Как выяснилось, кража на шаровском участке была лишь фактом в ряду других, с загадочной методичностью происходивших в течение последнего года, но тщательно скрываемых доселе. Ну, предположим, место, откуда исчезло крыльцо обимурской гостиницы «Центральная» вместе с туго открывающейся стеклянной дверью, можно было обнести свеже-зеленым забором с надписью: «Идут ремонтно-строительные работы!», а постояльцев гостиницы водить с черного хода. Предположим, можно было закрыть на «переэкспозицию» зал «Родная природа» в краеведческом музее, где пропал целый угол. И огородить колючей проволокой и щитами с изображением агрессивного энцефалитного клеща исчезнувший участок Хехцирского заповедника. Не исключено, что творческая мысль обимурских властей изобразила бы нечто подобное и на участке Шарова, однако поблизости, на Втором Воронеже, располагалось десятка два пионерских лагерей, в один из которых проследовал вчера красивый интуристовский автобус с ребятишками и их сопровождающими из зарубежного города-побратима.
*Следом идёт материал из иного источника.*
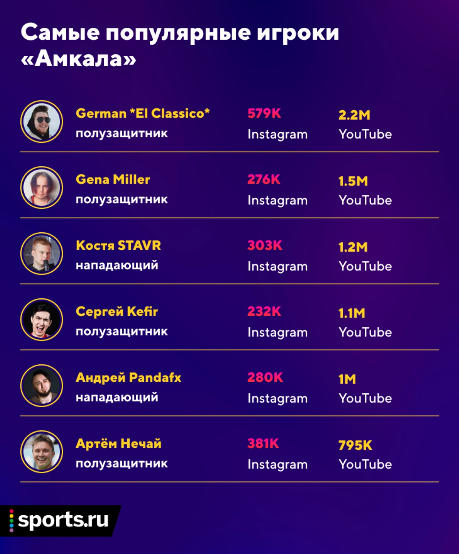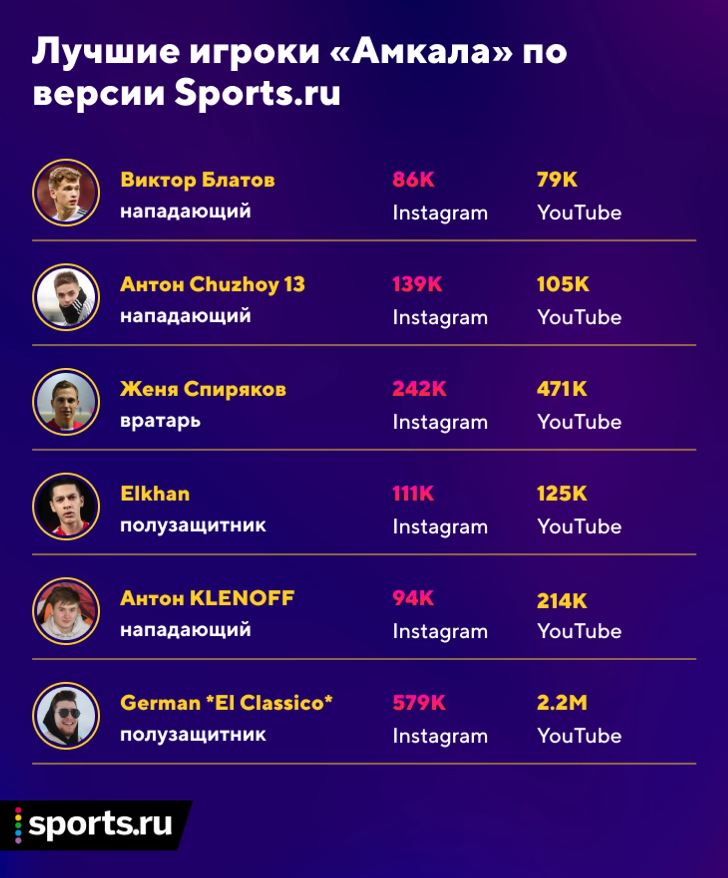 За полгода аудитория непрофессионального игрока Виктора Блатова в инстаграме выросла от нескольких тысяч до 86-и, а на новом канале в ютубе у него 79 тысяч подписчиков. Фристайлер и тренер Антон Карпов под ником Chuzhoy 13 ходил с 15 тысячами в инстаграме, сейчас – 139 тысяч. У фристайлера Elkhan, развлекающего болельщиков игрой в панну перед матчами на «ВЭБ-Арене», 125 тысяч подписчиков на канале, которого не было еще полгода назад. У вратаря «Амкала» и креативного директора Sports.ru Федора Маслова вообще взрыв: почти с нуля набрал 135 тысяч в инстаграме.

Этим же вечером заокеанское радио сообщило всему миру о серой пустоте, образовавшейся в пригороде Обимурска…
Разумеется, ни о какой «самостоятельной работе» теперь и заикнуться было нельзя. Оперативные группы возглавили товарищи из компетентных органов. Легковушки усвистели в город по раскаленно блестящему под синевой небес шоссе, а Шаров, оставивший свои вчерашние догадки при себе, остался стоять на взгорке, опять же глядя в серую пустоту.
Ему не давал покоя сам этот «набор»: участок реки, кусочек леса, крыльцо гостиницы - со стеклянной дверью! - и уголок музейного зала. Судя по описаниям, они были так же «вырезаны» из окружающего. А если и там побывала та же «она», неизвестная в синем платье? Но зачем ей зал музея? Крыльцо?
Шаров машинально поднял руку, привычно обводя надоевший прямоугольник, но в это время раздался внезапный, как выстрел в спину, сигнал пролетевшего мимо автомобиля, рука Шарова дрогнула… и он вспомнил - вспомнил невнятное слово из своего сна: ведь его вчера наяву прокричал рыжий таксист, увозя странно- опечаленного пассажира, да Шаров это слово, что называется, в голову не брал, оскорбленный пренебрежительно-обобщающим местоимением «эти». А слово было - «ведьма».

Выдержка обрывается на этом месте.